While an hashmap could lead you to slower lookup as you'll need to compute an index with an hash function that is probably implemented reading the whole product id length. Plus browsing a list in case of collision with other product ids.

Doing a binary search on a sorted array, and performance in lookup operations will depends on the number of items in your database.

yves Baumes
Notice that in spite of the correct points you raise in favor of the trie, the main reason hashes are chosen over tries are cache locality.
Anna
@Anna true, I expect an hashtable not to have too much collision thus having very short list. In practice it is worth to test both.
yves Baumes
+1  A: 

I think what he wanted you to do, and I'm not saying it's a good idea, is to use the computer memory space.

If you use a 64-bit (virtual) memory address, and assuming you have all the address space for your data (which is never the case) you can store a one-byte value.

You could use the ProductID as an address, casting it to a pointer, and then get that byte, which might be an offset in another memory for actual data.
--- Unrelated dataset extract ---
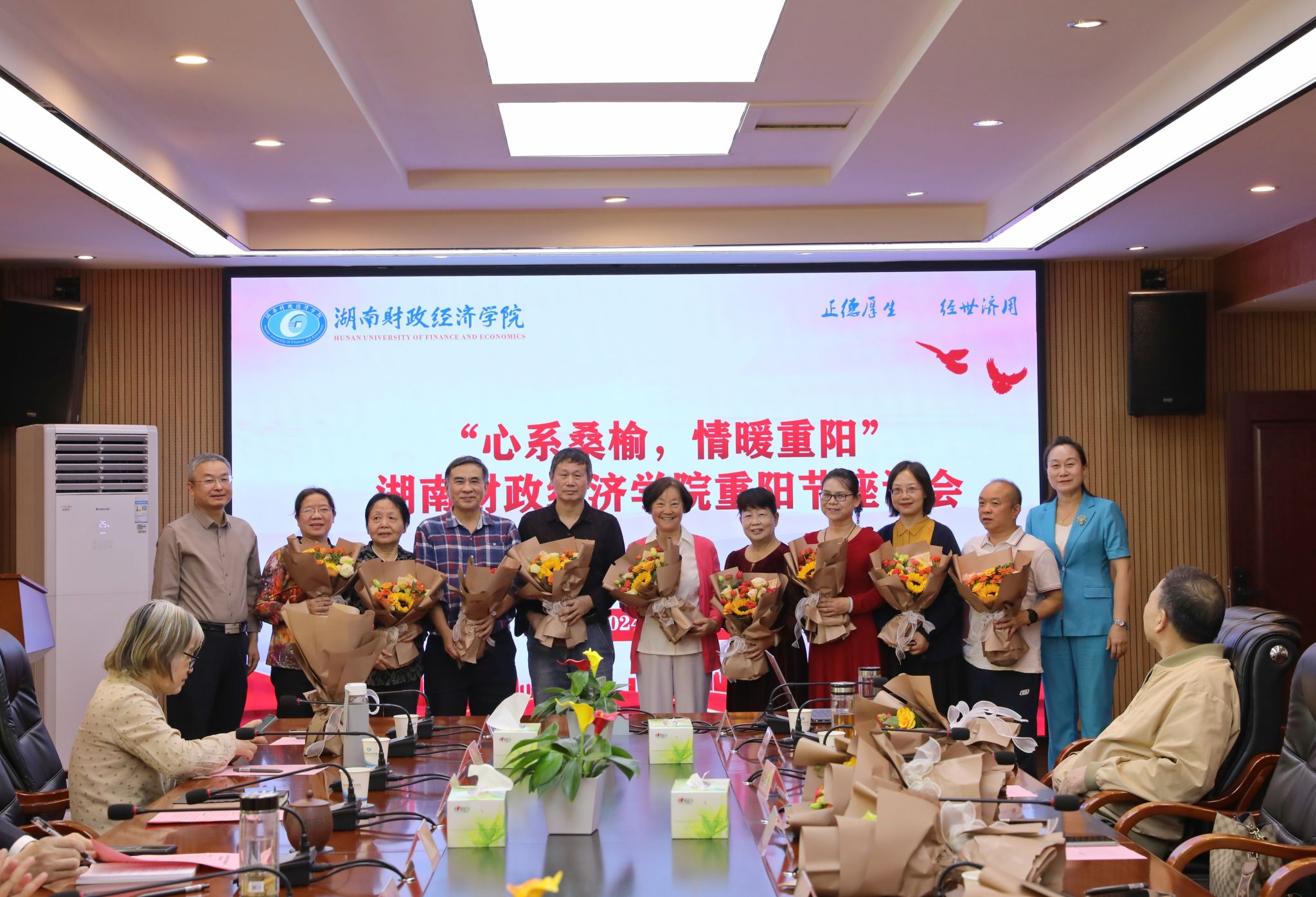 (本网讯)10月11日是中国传统节日“重阳节”,当天上午,学校在办公楼715会议室召开“心系桑榆 情暖重阳”重阳节座谈会,邀请退休老干部、老教师代表欢聚一堂,共贺传统佳节、共叙珍贵情谊、共谋发展新篇。校党委书记杨兰英、校长刘长庚、党委副书记苏玲、副校长刘钟理及相关职能部门负责人参会。苏玲主持会议。

I wouldn't do it this way, but perhaps that is the answer they were looking for.

Asaf

Asaf R
Thats an interesting approach.
maximus
I don't see how this could work reliably in general... what if the product ID, when cast to a pointer, points to some other critical piece of (non-product) data that your app is using? If you then write product info to that location, your app will be corrupted; if you don't, you can't store information for that product ID.
Jeremy Friesner
@Jeremy - It's not a very feasible solution, but with 20 decimal digits and a 64bit address space you are left with some "extra space". Make a handcrafted process that fulfills requests for ID resolution and have no other app activity in that process.It's possible to create hierarchies to have less memory in each process. I wouldn't do it if I were paid to, maybe if my life depended on it. Maybe.
Asaf R
+4  A: 

Consecutive integer numbers give perfect choice for the hash map but it only has one problem, as it does not have multithreaded access by default. Also since Amazon was mentioned in your question I may think that you need to take into account concurency and RAM limitation issues.
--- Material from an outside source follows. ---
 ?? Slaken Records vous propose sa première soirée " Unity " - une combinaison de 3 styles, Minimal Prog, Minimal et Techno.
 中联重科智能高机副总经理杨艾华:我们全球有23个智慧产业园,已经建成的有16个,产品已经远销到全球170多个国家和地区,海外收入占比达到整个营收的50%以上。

What you might do in the response to such question is to explain that since you are dissallowed to use any built-in data storage schemes, all you can do is to "emulate" one.

So, let's say you have M = 10^20 products with their numbers and descriptions. You can partition this set to the groups of N subsets. Then you can organize M/N containers which have sugnificantly reduced number of elements. Using this idea recursively will give you a way to store the whole set in containers with such property that access to them would have accepted performance rate.
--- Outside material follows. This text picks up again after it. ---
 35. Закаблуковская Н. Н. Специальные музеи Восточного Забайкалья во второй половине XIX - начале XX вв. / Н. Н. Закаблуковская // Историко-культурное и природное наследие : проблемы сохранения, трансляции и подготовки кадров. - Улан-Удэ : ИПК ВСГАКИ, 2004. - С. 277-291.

To illustrate this idea, consider a smaller example of only 20 elements. I would like you to imagive the file system with directories "1", "2", "3", "4". In each directory you store the product descriptions as files in the following way:

folder 1: files 1 to 5
folder 2: files 6 to 10
...
folder 4: files 16 to 20

Then your search would only need two steps to find the file. First, you search for a correct folder by dividing 20 / 5 (your M/N). Then, you use the given ID to read the product description stored in a file.

This is just a very rough description, however, the idea is very intuitive. So, perhaps this is what your interviewer wanted to hear.

As for myself, when I face such questions on interview, even if I fail to get the question correctly (which is the worst case :)) I always try to get the correct answer from the interviewer.

AlexKR
Thats a good take too. So locating the correct folder will be in constant time but locating the file will be o(n) where n represents the number of files stored in every folder.
maximus
@Alex your idea is close to the Trie data structure (see my answer). But according to me using a Trie is better choice: in your exemple you deepen the folder level up to a point there is only one file per folder. Have a look to the wikipedia page for Trie implementation. Nice reading :-)
yves Baumes
The idea of my posting was to introduce the way of storing data without use of any data structure at all. Trie is good but as far as I understand the original poster had restriction of not able to use any data structures. The disadvantage of the Trie as well as any Map or HashTable is that you need to store this in a distributed way (I think thats why Amazon was mentioned). In my post you see that all you need to have is a distributed file system. So, about the O(n) in the folder, you are right, you can partition your set as deep as possible until you have 1 file only.
AlexKR
+1: This is the first solution that came to mind when I read the problem, and probably what I would give top credit for in an interview -- use the file system.
John Pirie
It's kind of a B-Tree using folders instead of a data structure
DaClown
the interviewer probably wanted to have a algorithmic-kind-of answer. I wouldn't expect such answer if I were an interviewer for a developer job. But who knows.
yves Baumes
A: 

I have a feeling based on their answer about product ids and two digits the answer they were looking for is to convert the numeric product ids into a different base system or packed form.

They made a point to indicate the product description was with the product ids to tell you that a higher base system could be used within the current fields datatype.

Einstein
A: 

Your interviewer might be looking for a trie. If you have a [small] constant upper bound on your key, then you have O(1) insert and lookup.

Ellery Newcomer
+1  A: 

I wonder if they wanted you to note that in an ecommerce application (such as Amazon's), a common use case is "reverse lookup": retrieve the product ID using the description. For this, an inverted index is used, where each keyword in a description is an index key, which is associated with a list of relevant product identifiers. Binary trees or skip lists are good ways to index these key words.

Regarding the product identifier index: In practice, B-Trees (which are not binary search trees) would be used for a large, disk-based index of 20-digit identifiers. However, they may have been looking for a toy solution that could be implemented in RAM. Since the "alphabet" of decimal numbers is so small, it lends itself very nicely to a trie.

erickson
A: 

I think what he wanted you to do, and I'm not saying it's a good idea, is to use the computer memory space.

If you use a 64-bit (virtual) memory address, and assuming you have all the address space for your data (which is never the case) you can store a one-byte value.

Unfortunately 2^64 =approx= 1.8 * 10^19. Just slightly below 10^20. Coincidence?

log2(10^20) = 66.43.

Here's a slightly evil proposal.

OK, 2^64 bits can fit inside a memory space.

Assume a bound of N bytes for the description, say N=200. (who wants to download Anna Karenina when they're looking for toasters?) Commandeer 8*N 64-bit machines with heavy RAM. Amazon can swing this.

Every machine loads in their (very sparse) bitmap one bit of the description text for all descriptions. Let the MMU/virtual memory handle the sparsity.

Broadcast the product tag as a 59-bit number and the bit mask for one byte. (59 = ceil(log2(10^20)) - 8)

Every machine returns one bit from the product description. Lookups are a virtual memory dereference. You can even insert and delete.

Of course paging will start to be a bitch at some point!

Oddly enough, it will work the best if product-id's are as clumpy and ungood a hash as possible.

Matt Kennel